Me and my friend whom I'll refer to as Derek took an enormous amount of acid (I took seven tabs, he took six) and thought nothing could go wrong. That day, I nearly died and almost harmed some of my closest friends, and my faith in psychedelics was essentially shattered.
A small college apartment, around 3 pm. Me and Derek decided to trip in the living room, and in his bedroom is his roommate and my friend whom I'll refer to as Roger.
The plan was me and Derek were gonna watch this playlist of youtube videos while we tripped. Pretty standard stuff, we had done this many times before. However, this time was pretty significantly different. We decided that we would each take an enormous amount of acid in an effort to have some kind of spiritual experience, as we had both tripped many times before and not seen any type of vision or eye opening revelations, and it was my ill-informed logic at the time that the best way to cause something like that was to just take a fuck load more than we ever had before.
Thinking I could handle seven tabs was my first mistake. My second mistake was going through with it on a day when I really wasn't feeling my best. I was nervous about taking that much and didn't really feel too confident about it, I figured that I would feel better once the trip started. Really really dumb idea.
So the stage was set, and disaster was just waiting to unfold. I got out of class at 1pm, and headed over to Derek's apartment so we could trip.
3pm. With some mild fear and anxiety disguised as half-hearted enthusiasm I drop the seven tabs and Derek takes his six.
At first, it's not so bad. We're watching music videos and some other trippy shit and I feel ok. Still a little nervous but we talk and laugh a little and the visuals start being cool.
About an hour in is when things start getting bad.
I start to feel uneasy. Disturbingly, my visuals stop being the usual geometrical patterns and fractal images that I usually see and begin to transform into eyeballs, face and figures reaching towards me menacingly. When I close my eyes I see the same shit but ten times worse. It began to be too much for me. Derek does his best to comfort me but my fear is growing. Next is when things began to turn dangerous, for myself and anyone else around me.
I began to have the delusion that someone that I knew, a mutual friend of ours, was on his way to the apartment to kill me. This was, of course, completely false and a paranoid delusion of my own making. This person and I were not close and I always had the impression that he tolerated as a friend rather than actually liking me, which I didn't understand because I liked him.
Anyway, I became more and more certain that a malevolent, supernatural version of this friend was on his way to undo my existence, and there was nothing Derek could say or do to calm me down. Deep down I knew that my fear was irrational, but nevertheless it grew and consumed me. I was drowning in negativity and fear and started to become agitated. My fight v flight instincts kicked in because of my feeling of an approaching threat, and I started to become mean, angry and physical.
The straw that broke the camels back so to say in this situation, was the added effect of not being able to tell reality from delusion. I was tripping so hard and my ego had been so stripped away from the acid and fear that I could no longer tell what was real. I didn't think my surroundings were real, I didn't think Derek was real, I didn't even think that I was real.
That, combined with the unshakeable fear and sheer terror led to what happened next; the worst experience of my life.
My mind snapped entirely, and I entered a state of pure, drug induced psychosis. I had lost my mind. I had no control over any thoughts or actions. I could only loosely watch my behavior fron the backseat of my mind, unable to think rationally or stop myself in any way.

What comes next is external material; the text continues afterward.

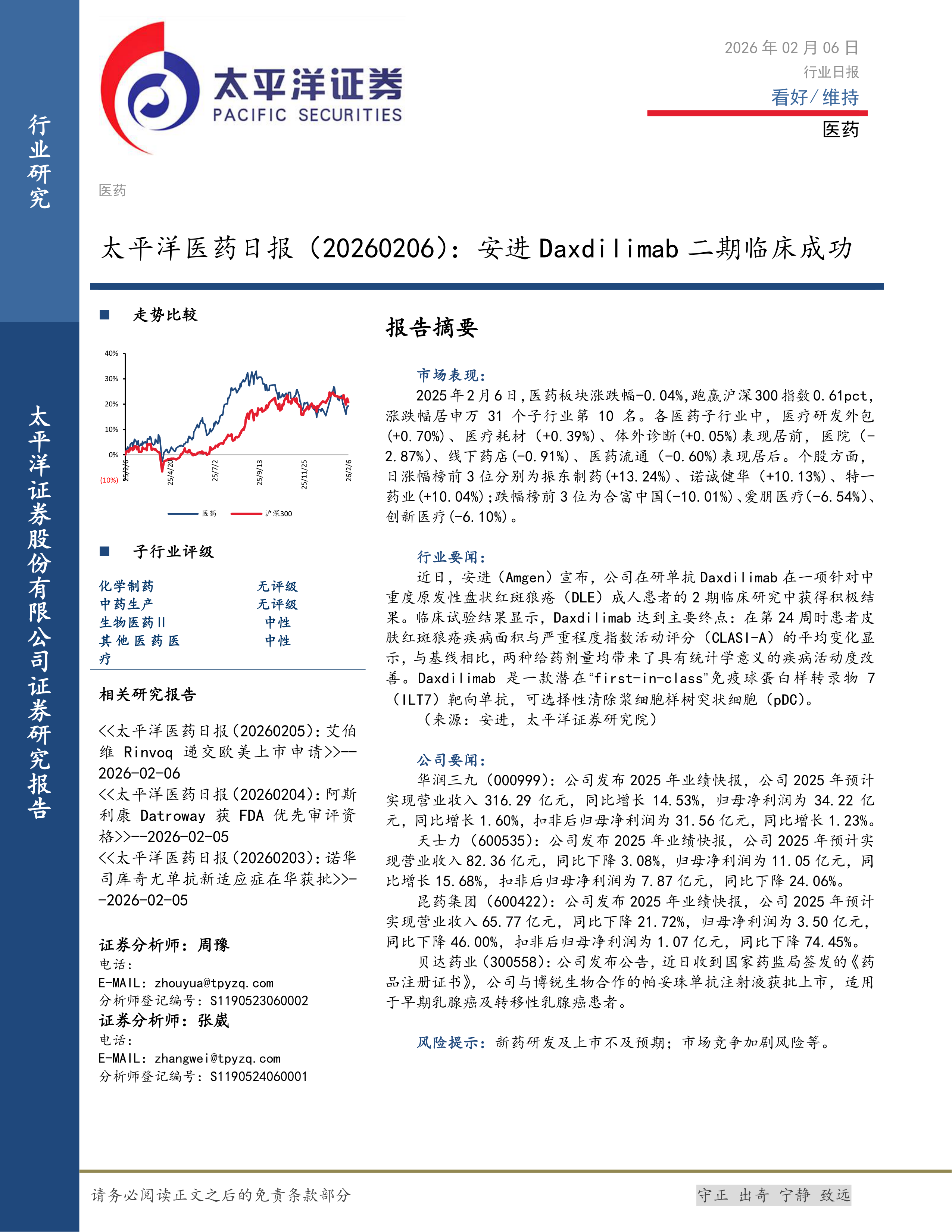 2025年2月6日,医药板块涨跌幅-0.04%,跑赢沪深300指数0.61pct,涨跌幅居申万31个子行业第10名。各医药子行业中,医疗研发外包(+0.70%)、医疗耗材(+0.39%)、体外诊断(+0.05%)表现居前,医院(-2.87%)、线下药店(-0.91%)、医药流通(-0.60%)表现居后。个股方面,日涨幅榜前3位分别为振东制药(+13.24%)、诺诚健华(+10.13%)、特一药业(+10.04%);跌幅榜前3位为合富中国(-10.01%)、爱朋医疗(-6.54%)、创新医疗(-6.10%)。

During this time, I spoke indecipherable madness, broke two little fish tanks, mistook Derek for a malevolent spirit, nearly attacked him, stripped naked, cut my feet wide open from the broken glass from the fish tanks, tried to cut myself with knives and other kitchen utensils, and screamed incredibly loud, primal screams.
Derek and Roger evacuated the apartment for their safety while they called everyone they could think of to come help me. It took the presence of around 12 people to stop me from being violent. It took an additional 3-4 hours for the actual psychosis to stop. While they watched me continued to say crazy meaningless things and occasionally lunge at them like I was some kind of animal waiting to attack.
When all was said and done, I had experienced the worst time of my entire life, throughly and severely embarrassed myself in front of many, many people, nearly killed myself and my friends, and lost the trust of many of thode people.
Before that, I had a great appreciation for the potential of psychedelics to expand and improve the mind. I had mild plans to grow mushrooms of my own so day and to advocate for expanded research of psychedelics.
Mushrooms used to give me total clarity of mind and a great feeling of self-confidence and euphoria, but ever since that day psychedelics have made me feel confused and muddled, and I still get visuals consisting of threatening figures and eyes reaching towards me and staring at me.
Not sure how I feel about psychedelics anymore. Maybe they'll work for me again one day, maybe I'll just have to find a different hobby.
Thanks for reading. Questions comments concerns and advice are welcome.